President Barack Obama said that racial tensions may have softened his popularity among white voters within the last two years, according to a story posted on the New Yorker magazine’s website today.


“There’s no doubt that there’s some folks who just really dislike me because they don’t like the idea of a black president,” Obama said in the article by David Remnick, appearing in the magazine’s Jan. 27 edition. “Now, the flip side of it is there are some black folks and maybe some white folks who really like me and give me the benefit of the doubt precisely because I’m a black president,” Obama said in his most direct comments on how race has affected his political standing since he’s been in office. Obama’s second term has been marked by controversies including a partial government shutdown in October, revelations that the National Security Agency has gathered personal mobile phone data and the troubled rollout of health-insurance expansion. Obama’s approval rating among all voters is 39 percent and his disapproval rating is 53 percent, according to a Gallup Poll conducted Jan. 14-16. In the 2012 presidential election, Republican candidate Mitt Romney won 59 percent of the white vote, compared with Obama’s 39 percent, according to exit polling by a consortium of major news outlets. Obama won 43 percent of the white vote in 2008 against 55 percent for opponent John McCain, a Republican senator from Arizona.

Obamacare Blamed “Poll after poll makes it very clear that Obamacare and other job-killing policies are the reason” for the president’s decline in popularity, Republican National Committee spokesman Sean Spicer said in a phone interview today. Obama offered reflections on a variety of subjects in the New Yorker story, including his view about the dangers of playing professional football, which has been the subject of media scrutiny over players’ head injuries. “I would not let my son play pro football,” the article quotes Obama, the father of two daughters, as saying. When asked by Remnick how those dangers squared with his enjoyment of the game as a spectator, Obama said professional players are aware of the inherent risk in playing a full-contact sport.

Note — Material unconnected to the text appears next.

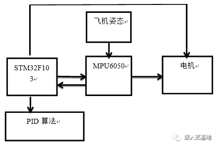 STM32最小系統(tǒng)板從飛控傳感器模塊中的MPU-6050芯片獲取的數據是飛行器的三軸角速度和三軸角加速度,MCU對數據進行PID算法處理可以得到飛行器當前的飛行姿態(tài)。PID是比例、積分、微分的縮寫。比例調節(jié)是按比例反應系統(tǒng)的偏差,系統(tǒng)一旦出現了偏差,比例調節(jié)立即產生調節(jié)作用用以減少偏差。比例作用大,可以加快調節(jié),減少誤差,但是過大的比例,使系統(tǒng)的穩(wěn)定性下降,甚至造成系統(tǒng)的不穩(wěn)定。積分調節(jié)是使系統(tǒng)消除穩(wěn)態(tài)誤差,提高無差度。因為有誤差,積分調節(jié)就進行,直至無差,積分調節(jié)停止,積分調節(jié)輸出一常值。積分作用的強弱取決與積分時間常數Ti,Ti越小,積分作用就越強。反之Ti大則積分作用弱,加入積分調節(jié)可使系統(tǒng)穩(wěn)定性下降,動態(tài)響應變慢。積分作用常與另兩種調節(jié)規(guī)律結合,組成PI調節(jié)器或PID調節(jié)器。幾者結合從而保持飛行姿態(tài)穩(wěn)定。

Like Smokers “They know what they’re buying into,” Obama said. “It is no longer a secret. It’s sort of the feeling I have about smokers, you know?” Obama acknowledged that reports of U.S. surveillance programs, including allegations that the government tapped German Chancellor Angela Merkel’s mobile phone, had created a “breach of trust,” Remnick reported. Obama said he also assumes others are trying to spy on him, and for this reason he doesn’t have a phone, according to The New Yorker. He said, “there are European governments that we know spy on us, and there is a little bit of Claude Rains in ‘Casablanca’ -- shocked that gambling is going on,” the magazine quoted him as saying, referring to the actor who played the police captain in the 1942 movie.